Due to a dearth of sources, it is difficult to accurately reconstruct how the events of this rebellion unfolded. The only contemporaneous source that attests to the rebellion of 1686 is a letter sent from the Jesuit missionary P. Louis de Mello to R. P. de Noyelle, the leader of the Jesuits (“general de la compagnie de Jésus”), that is also dated 1686 (Bétrand 1850, 376–404). His account of the events is as follows:

To provide for the expenses of war, the king of Mysore exerted on the eastern provinces of its states exactions and cruelties so revolting that his subjects rose en masse against him and against all his ministers. Driven by their weakening losses and current agony and without reflection on the future, as all the enslaved peoples who are deprived of patriotic sentiments, they formed two great armies and chose for their generals two brahmins, leaders of the sects of Viṣṇu and Śiva…

The king of Mysore, outraged at their insolence, dispatched against them an army charged with setting everything to fire and blood, and to pass the rebels at the edge of the sword, regardless of age and sex. These cruel orders were carried out; the pagodas of Viṣṇu and Śiva were destroyed, and their immense revenues were confiscated for the benefit of the royal treasury. Those idolaters who escaped the carnage fled to the mountains and in the forests, where they lead a miserable life.

Bétrand 1850: 377, 380–381, my translation

The letter continues describing how the revolt specifically targeted Christians in the region and the heroes that arose from their ranks to fight for the cause of Christ. While this partisan emphasis in the letter contains obvious exaggeration, the letter blames the king for the insurrection against Mysore in 1686 and identifies religious leaders as its instigators.

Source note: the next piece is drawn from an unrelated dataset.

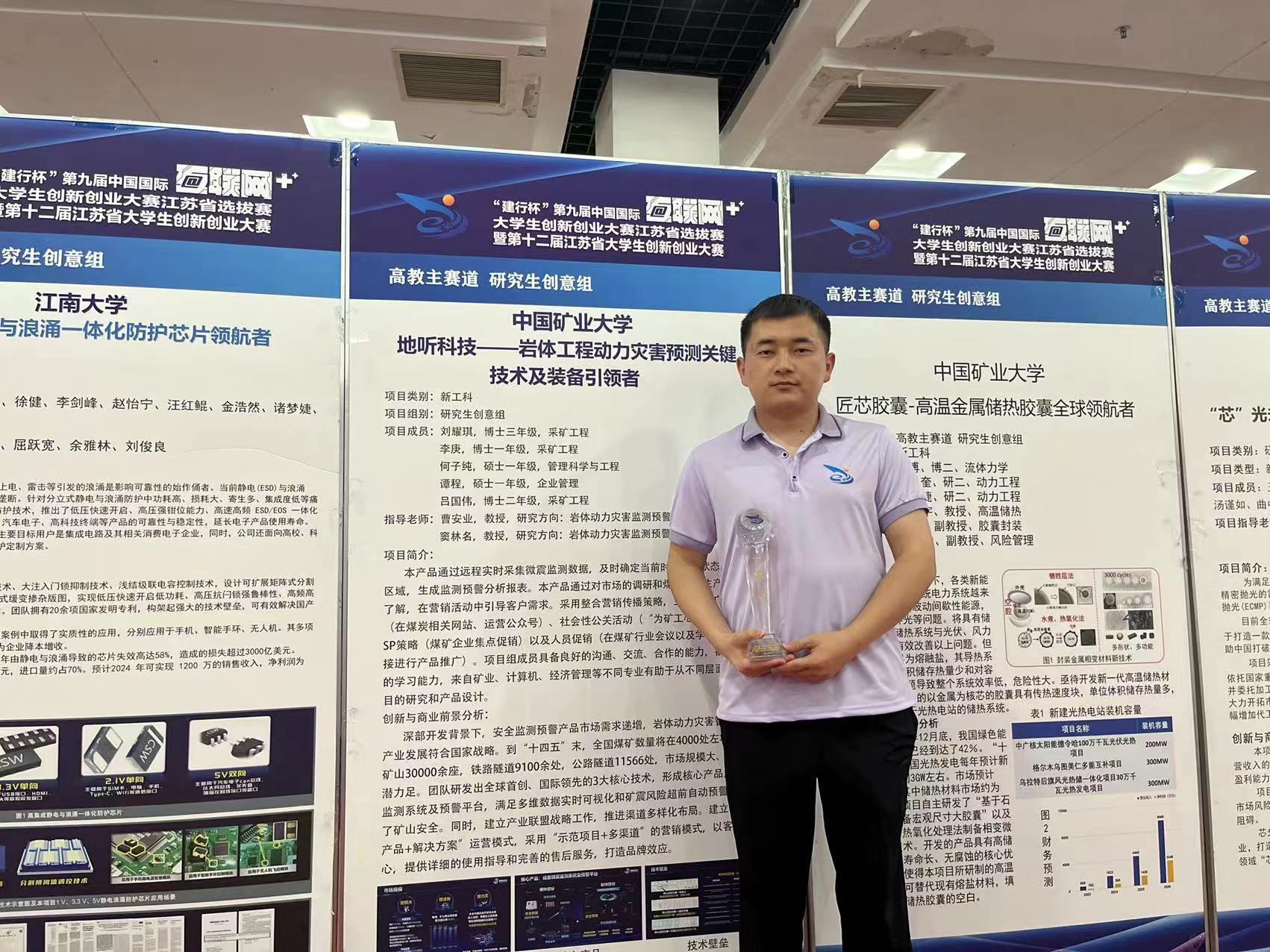 7月16日-7月20日“建行杯”第九届中国国际互联网+大学生创新创业大赛江苏省赛在南京林业大学隆重举行。我院荣获一等奖1项、二等奖1项、三等奖1项,指导教师曹安业等获“优秀指导教师”称号。采矿工程博士刘耀琪为负责人的“地听科技——岩体工程动力灾害预测关键技术及装备引领者”团队斩获高教主赛道研究生创意组一等奖。

The later and more detailed accounts of the colonial-era historians claim to be based on oral histories from the region. These oral histories were recorded in English (Wilks 1869 [1810]) and Kannada (Dēvacandra’s Rājāvaḷi Kathāsāra, Saṇṇayya 1988) and appear alongside the details of Cikkadēvarāja’s pluralistic court from the early nineteenth century described above. Not only do these sources give a more thorough accounting of the rebellion but they relate gruesome tales of treachery, religious persecution, and mass murder.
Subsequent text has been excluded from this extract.